DOJ Elevated Its Charges Against Swartz Because Internet Rallied on His Behalf - swartzrock
http://pjmedia.com/blog/report-doj-elevated-its-charges-against-swartz-because-internet-community-rallied-on-his-behalf/?singlepage=true
======
s_q_b
The actor I'm most disappointed in is MIT.

Right now, the DOJ is one of the targets of a massive scared-straight campaign
by Beltway technologists. One of the worst kept secrets in the world is that
US cybersecurity, outside of the military and the IC, is incredibly bad. If
most civilian agencies were private corporations, they would have been sued
dozens of times by users for negligence in data handling.

For those that understood the dangers of this lax security posture, for many
years it was a game of railing into the wind about the potential consequences
of continuing to ignore this attack vector.

Then, China got involved.

Suddenly, the dangers weren't speculative at all.
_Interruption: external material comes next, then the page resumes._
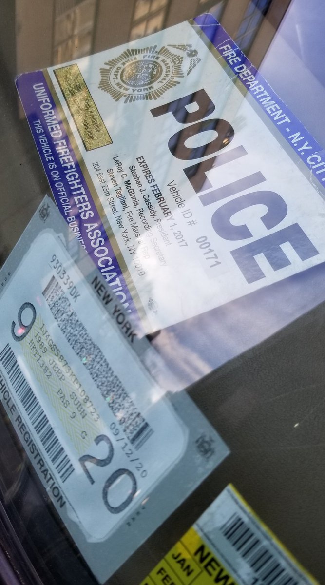 @UFANYC "POLICE"#fakeplacard with an expired date on it is not a@NYPDnews authorized vehicle. It's just more#placardcorruption.pic.twitter.com/mrMonPU7oM

They were right at our
doorstep. And the same Cassandras that were on the outs for so long suddenly
found themselves with the ear of every CIO in Washington. What followed was a
massive purchasing binge, which is still ongoing, and a huge amount of
advertising and mindshare devoted to this topic.

It was amidst the height of this cyber-scare that the Schwartz prosecution was
brought. For Mr. Heymann, Aaron Schwartz was a huge target. A US hacker,
caught in the act of stealing information worth millions, was a great prize
for Mr. Heyman, his boss Carmen Ortiz, who has rather naked political
ambitions, and her bosses in DC.

So why am I disappointed in MIT? Because the DOJ has never understood computer
technology very well. MIT does. It was their job to educate the DOJ, to
subordinate passion to reason, and to parse the difficult technological issues
to explain the real lack of damage caused by Aaron Schwartz's actions.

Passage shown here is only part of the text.